Melinda R. Howard APPELLANT v. The State of Texas STATE
OPINION DISSENTING FROM DENIAL OF
MOTION FOR REHEARING
Respectfully, I must dissent from the majority's denial of Appellant's motion for rehearing en banc. Officer Clements was dispatched to investigate the crime of driving while intoxicated (DWI). He was not engaged in community caretaking. When he approached Appellant, who was leaning on the truck, he determined that she had alcohol on her breath; was thick-tongued; and had glassy, heavy eyes. When Clements asked her to move away from the truck, she swayed and was unsteady on her feet. At that point, Clements had probable cause to believe that Appellant was guilty of public intoxication and probable cause to arrest her for public intoxication. Clements admitted at the hearing on Appellant's motion to suppress that she was not free to leave and was being detained until he completed his DWI investigation. Clements asked Appellant for her name, instructed her to step away from the truck, and said, “Tell me what happened this evening․”
There was a clear show of authority by Clements. Appellant acquiesced to that show of authority. But Clements had no authority to arrest her for DWI because chapter 14 of the code of criminal procedure does not authorize a warrantless arrest for a misdemeanor DWI committed outside the police officer's presence unless it could be classified as a breach of the peace, which is not applicable here.1 Chapter 14 does, however, authorize a warrantless arrest for the public intoxication offense, both because it was committed within Clements's presence and because he found Appellant “in suspicious places and under circumstances which reasonably show that [she is] guilty of” that offense.2 Clements's public intoxication investigation was complete, and he was gathering evidence for a DWI prosecution when he questioned Appellant.
I would hold that the evidence clearly demonstrated that Clements had probable cause to arrest Appellant for public intoxication and that she was not free to leave when he questioned her.

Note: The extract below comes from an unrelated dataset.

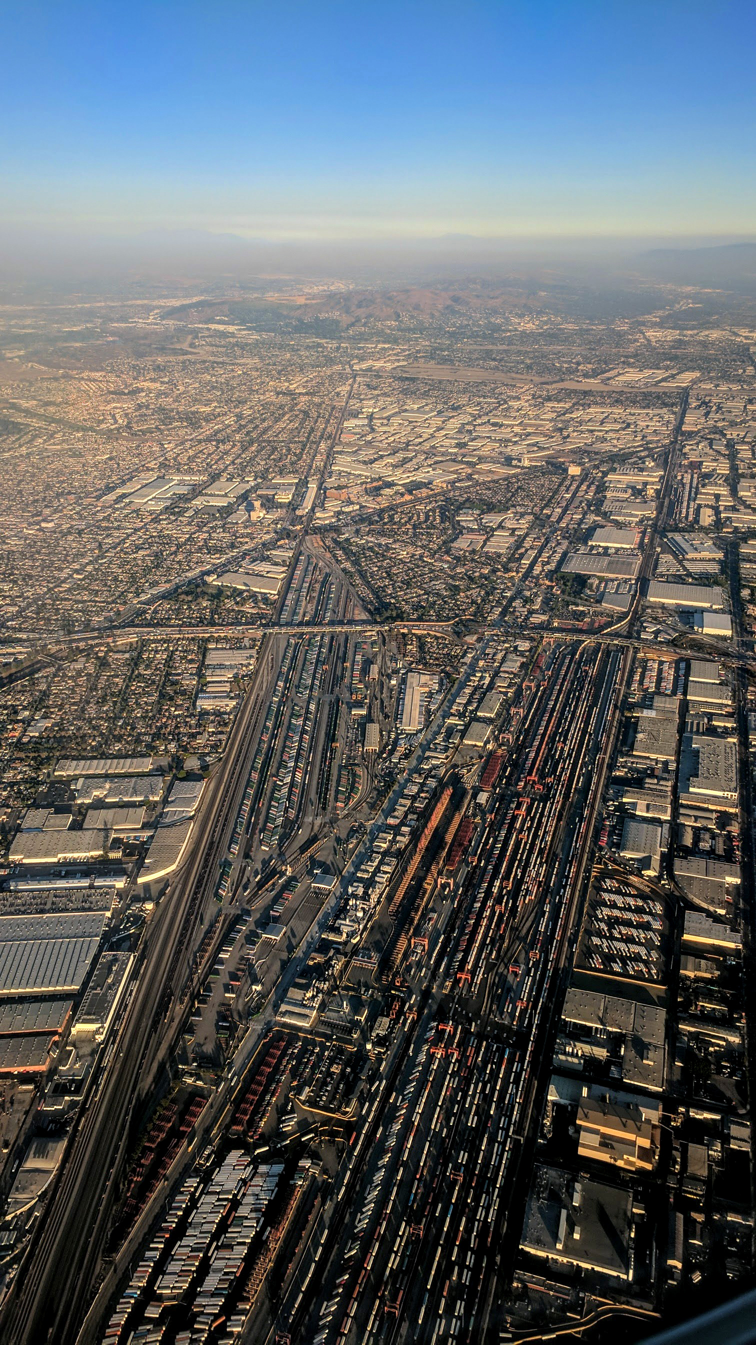 Late afternoon aerial photograph from the west, of rail yards in Commerce, California, left, and Vernon, California, Right. The upper center industrial/commercial area is mostly Commerce.

Under Dowthitt 3 and Miranda,4 Appellant was entitled to be warned that she did not have to answer Clements's questions. I would therefore grant rehearing, vacate our prior opinion, reverse the trial court's judgment, and remand this case. Because the majority does not, I respectfully dissent.
FN1. See Tex.Code Crim. Proc. Ann. arts. 14.01(b), 14.03(a)(1) (West 2005 & Supp.2012).. FN1. See Tex.Code Crim. Proc. Ann. arts. 14.01(b), 14.03(a)(1) (West 2005 & Supp.2012).
FN2. See id. arts. 14.01(b), 14.03(a)(1).. FN2. See id. arts. 14.01(b), 14.03(a)(1).
FN3. Dowthitt v. State, 931 S.W.2d 244, 252–55 (Tex.Crim.App.1996).. FN3. Dowthitt v. State, 931 S.W.2d 244, 252–55 (Tex.Crim.App.1996).
FN4. See Miranda v. Arizona, 384 U.S. 436, 444, 86 S.Ct. 1602, 1612 (1966).. FN4. See Miranda v. Arizona, 384 U.S. 436, 444, 86 S.Ct. 1602, 1612 (1966).